Except Jesus.  The one and only reason they've come together for more than a decade is to bury their hearts and minds in the Word of God and to come up, not only smelling like a sweet aroma, but more ready to live whatever God has called them to live.  And it is a sweet aroma to see how they care for each other, how they finish each other's sentences, know each other's foibles, love each other anyway.  I felt privileged to sit with them. Privileged to listen to their stories, to laugh and eat, and...well, sit with them.

And, yes, privileged to get to share some words about the Word, some thought about He who thought us all up to begin with.  It's a dangerous thing to handle the Word of God, to even think He would entrust it to me, and entrust me with sharing it with these women, with any group.  It's something like handling a coal lit from a fire.  It really is.

Except that it's what He asks us to do.  This is what we talked about this week end, that He takes the clay pots that we are, and fills us--each of us--with the inexpressible treasure that is Himself.  Ordinary, average clay pots filled with glorious, eternal treasure.  Those women, me, each of us, just plain old ordinary pots.  But what is within-- that's the lit coal from the fire of God Himself. His all-surpassing power, enough to be the Light of the World, to vanquish death itself.  That's the treasure we're given.  I'm overwhelmed by this tonight.  Overwhelmed by the Word, by the words we shared together about the Word, and about the Incarnate Word who is always present when such a company is gathered.  I know I'm gushing, but I don't take these moments lightly, or complacently.  It's no surprise to anyone who knows me, but I love to talk.  And I love Jesus.  So when the two intersect and I get to talk about Jesus, especially with people hungry and thirsty for Him, it's a balm to my spirit. An honor and a joy. To get to--to be allowed to--handle His word, to bring this lit coal to others...I'll never get used to the privilege of it. 

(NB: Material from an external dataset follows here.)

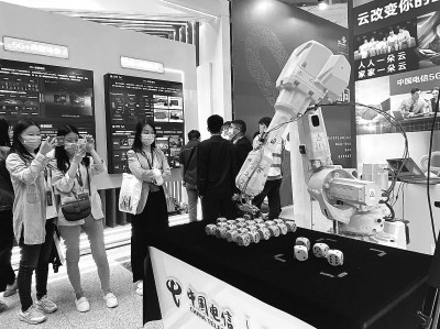 5月17日,2021年世界電信和信息社會(huì)日大會(huì)上,人們正在圍觀一款5G工業(yè)機(jī)器人。本報(bào)記者 劉坤攝/光明圖片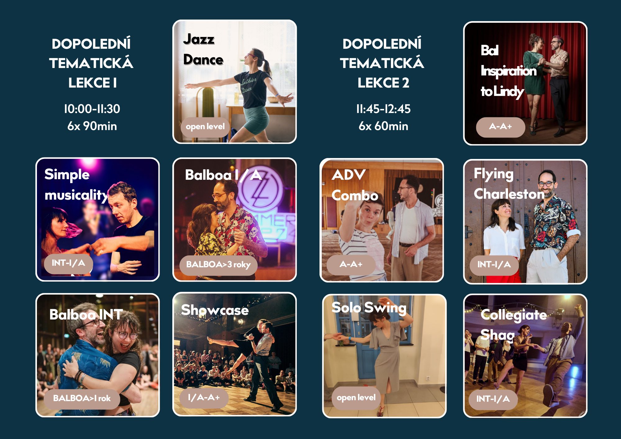 Jedná se o různá témata, která se do běžných lekcí nevejdou. Při registraci v páru na hlavní lekce si může každý z páru vybrat jiné tematické lekce. U párových lekcí budeme vždy místa potvrzovat podle aktuálního počtu leaderů a followerů.

And the responsibility.  The deep, humbling responsibility.  Watching women take my words seriously, write them down, ask me to repeat them.  If I thought it was something I had made up or was doing myself, it would be my undoing, if you know what I mean.  It's with light hands that we must handle His word, teach it to others.  Only in surrender to Him should one--should I!!!--attempt it.  In such set-apart moments--like Sundays, during worship-- we are the church, when we speak together, it's words of eternal value.

Yes, clay pots.  Ordinary, trivial clay pots.  It's only what's inside, where Christ is, that the extraordinary, powerful treasure resides.  And...only in broken-ness, is that treasure revealed.  Think about it. 

"For we have this treasure in jars of clay to show that this all-surpassing power is from God and not from us."